Task instructions: Copy out exactly the lines from the one containing "锅里放少油 下几片老姜 把腌制好的排骨倒下去翻炒" through the end of the records, and no pictures.

Provided records:
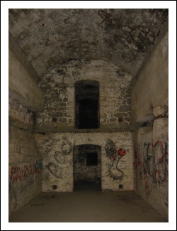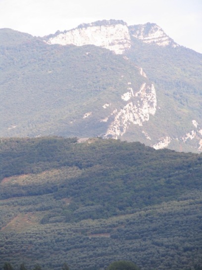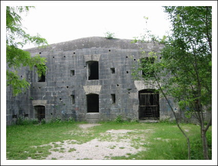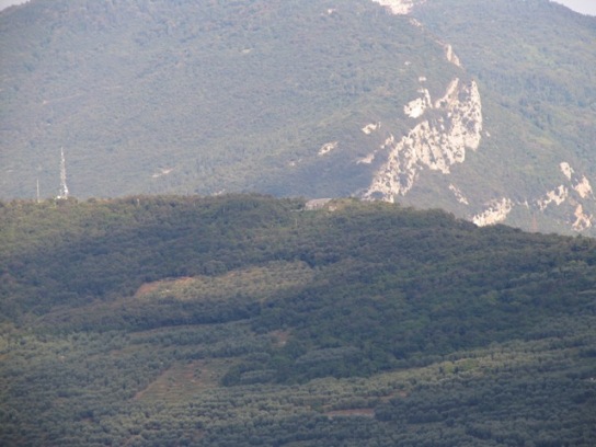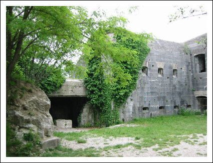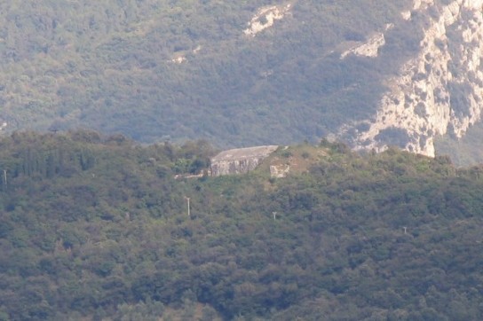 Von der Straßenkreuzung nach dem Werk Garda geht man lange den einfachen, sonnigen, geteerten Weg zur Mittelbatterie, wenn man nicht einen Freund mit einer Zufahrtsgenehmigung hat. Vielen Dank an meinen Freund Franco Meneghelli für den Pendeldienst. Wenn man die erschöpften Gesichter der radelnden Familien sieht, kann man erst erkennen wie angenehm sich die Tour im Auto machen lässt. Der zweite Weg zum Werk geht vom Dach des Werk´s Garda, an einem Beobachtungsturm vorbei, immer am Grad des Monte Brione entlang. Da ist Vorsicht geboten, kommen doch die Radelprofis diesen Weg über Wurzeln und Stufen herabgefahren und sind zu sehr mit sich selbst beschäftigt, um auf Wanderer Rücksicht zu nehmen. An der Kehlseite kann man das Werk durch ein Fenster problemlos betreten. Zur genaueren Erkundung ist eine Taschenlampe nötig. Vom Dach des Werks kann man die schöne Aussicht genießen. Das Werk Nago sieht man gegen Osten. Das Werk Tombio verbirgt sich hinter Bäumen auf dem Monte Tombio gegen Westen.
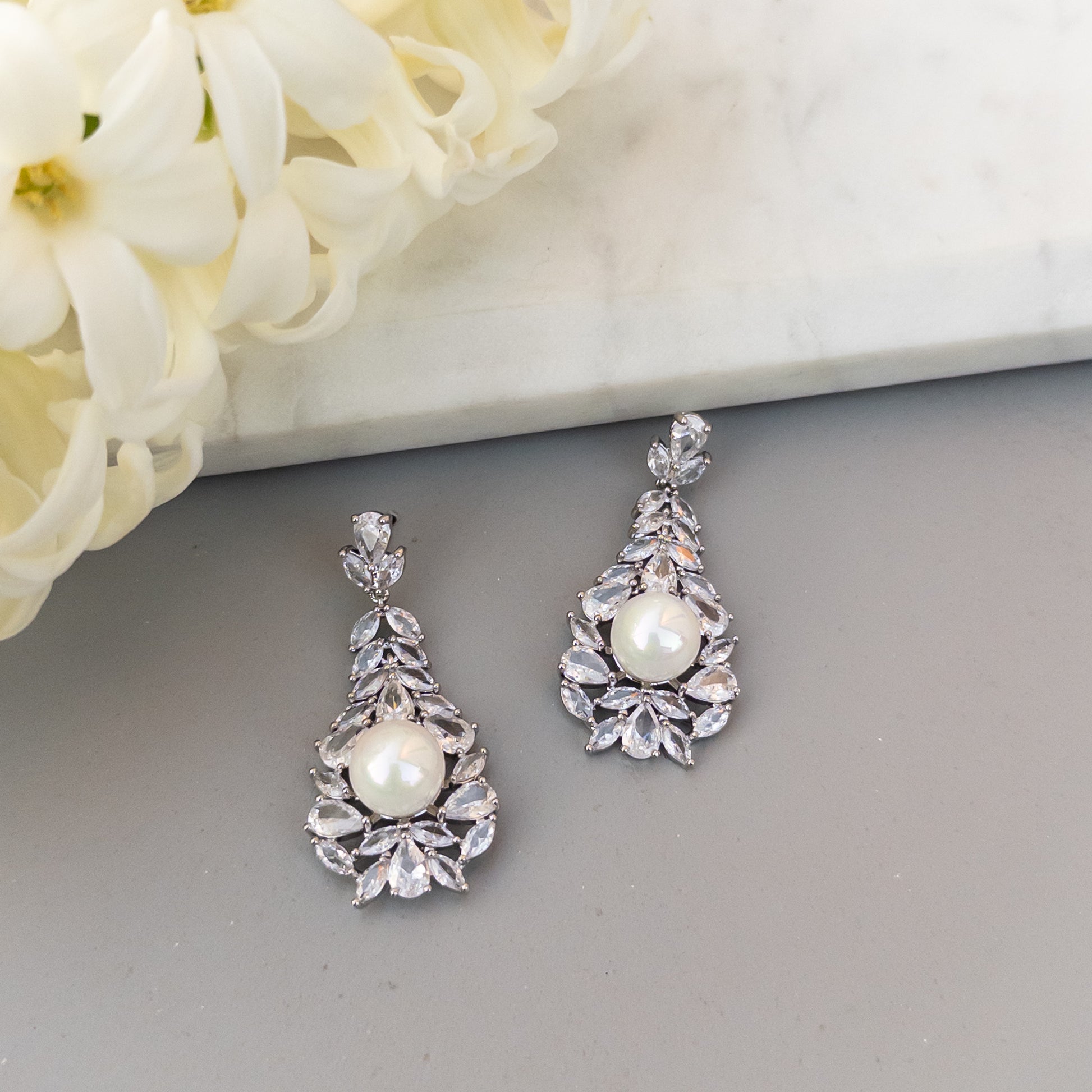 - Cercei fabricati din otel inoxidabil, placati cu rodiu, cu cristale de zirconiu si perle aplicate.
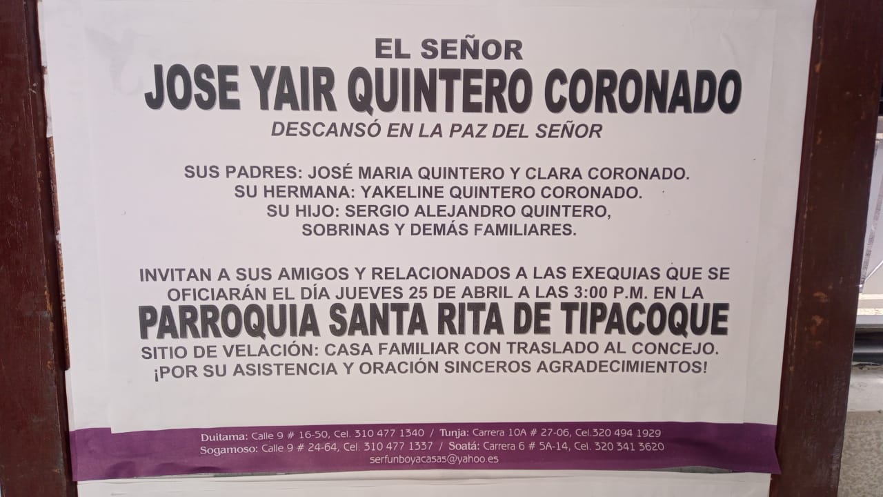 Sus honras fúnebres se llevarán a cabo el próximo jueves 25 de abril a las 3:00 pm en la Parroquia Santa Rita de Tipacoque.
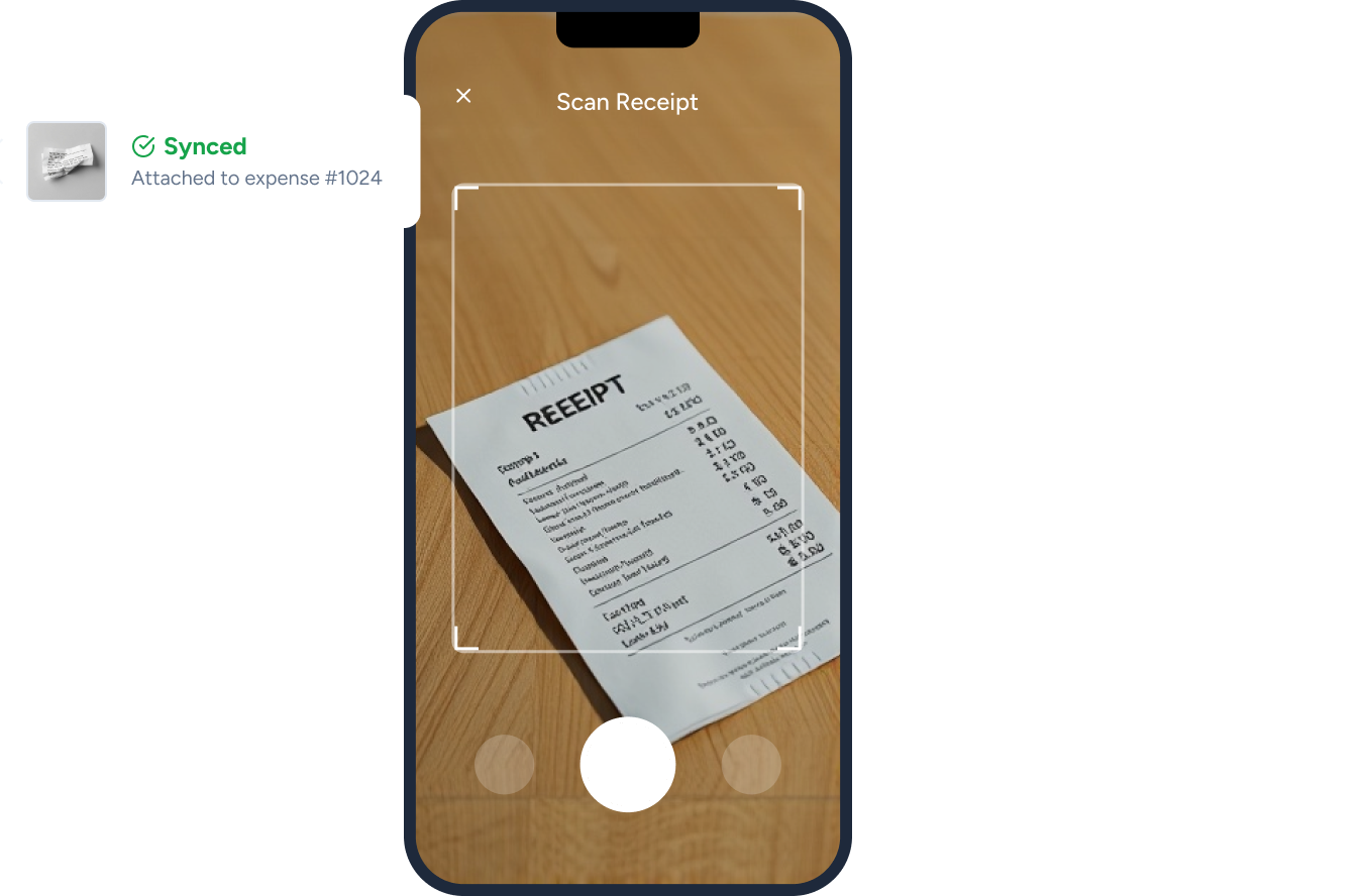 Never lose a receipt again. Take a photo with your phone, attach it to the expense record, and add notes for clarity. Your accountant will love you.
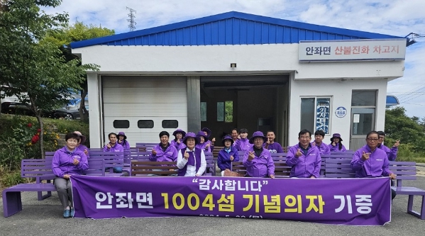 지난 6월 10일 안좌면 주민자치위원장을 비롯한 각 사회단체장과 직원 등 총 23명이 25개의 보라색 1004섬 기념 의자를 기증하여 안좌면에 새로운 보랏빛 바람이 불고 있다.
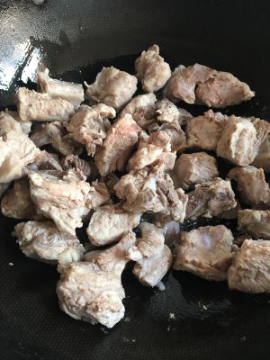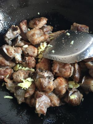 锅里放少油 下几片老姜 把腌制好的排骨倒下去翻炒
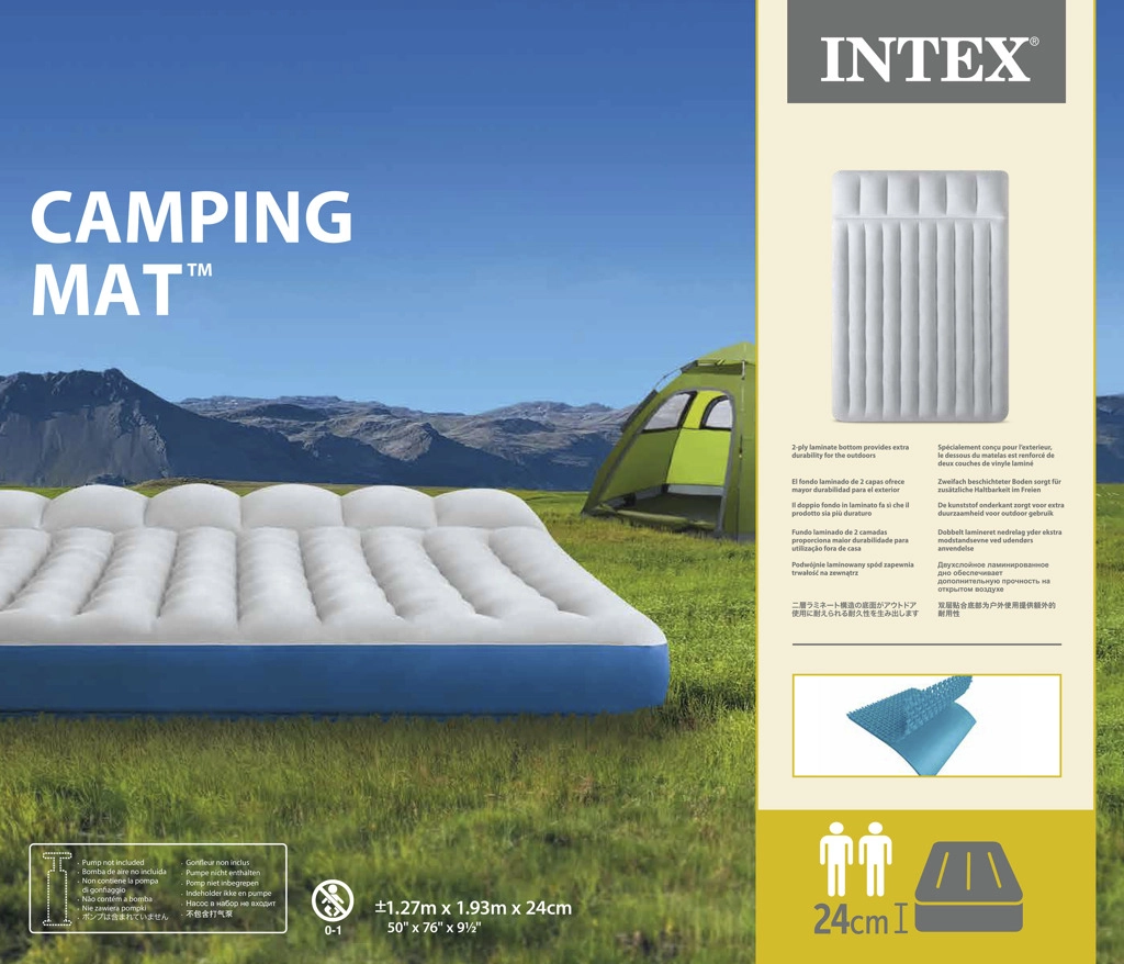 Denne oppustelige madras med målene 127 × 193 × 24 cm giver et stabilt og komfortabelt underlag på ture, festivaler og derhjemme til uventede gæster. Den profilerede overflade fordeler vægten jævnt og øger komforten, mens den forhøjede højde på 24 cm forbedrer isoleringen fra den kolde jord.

Task response:
 锅里放少油 下几片老姜 把腌制好的排骨倒下去翻炒
 Denne oppustelige madras med målene 127 × 193 × 24 cm giver et stabilt og komfortabelt underlag på ture, festivaler og derhjemme til uventede gæster. Den profilerede overflade fordeler vægten jævnt og øger komforten, mens den forhøjede højde på 24 cm forbedrer isoleringen fra den kolde jord.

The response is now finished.